▸ Source material:
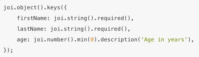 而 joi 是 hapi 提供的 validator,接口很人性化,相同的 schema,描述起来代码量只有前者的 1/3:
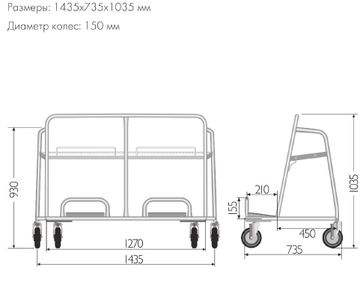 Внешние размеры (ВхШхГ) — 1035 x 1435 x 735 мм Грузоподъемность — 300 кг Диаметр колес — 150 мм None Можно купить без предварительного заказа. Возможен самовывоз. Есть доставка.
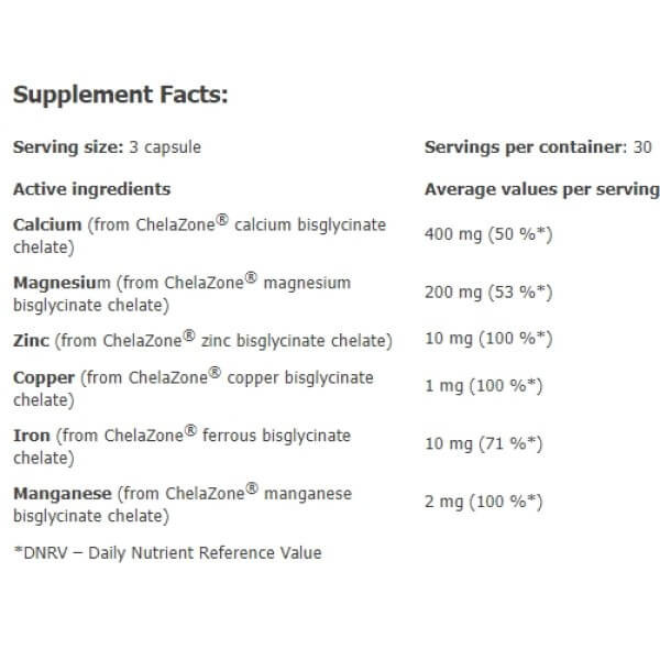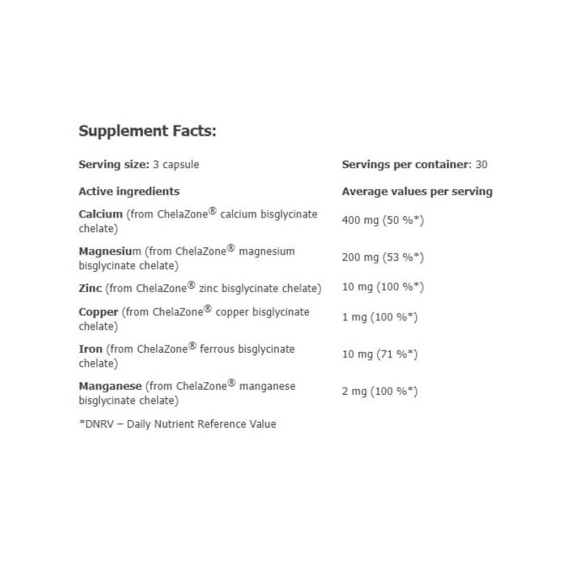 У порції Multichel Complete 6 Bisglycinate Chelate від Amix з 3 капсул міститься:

==

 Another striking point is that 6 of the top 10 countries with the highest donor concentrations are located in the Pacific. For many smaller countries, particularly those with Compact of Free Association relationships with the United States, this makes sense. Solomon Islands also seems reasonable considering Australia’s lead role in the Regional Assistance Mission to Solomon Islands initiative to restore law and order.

▸ Task to complete: An exact transcription is needed of the lines from the one with "Внешние размеры (ВхШхГ)" to the one with "У порції Multichel" above, both ends included, with pictures left out.

▸ Solution below:
 Внешние размеры (ВхШхГ) — 1035 x 1435 x 735 мм Грузоподъемность — 300 кг Диаметр колес — 150 мм None Можно купить без предварительного заказа. Возможен самовывоз. Есть доставка.
 У порції Multichel Complete 6 Bisglycinate Chelate від Amix з 3 капсул міститься:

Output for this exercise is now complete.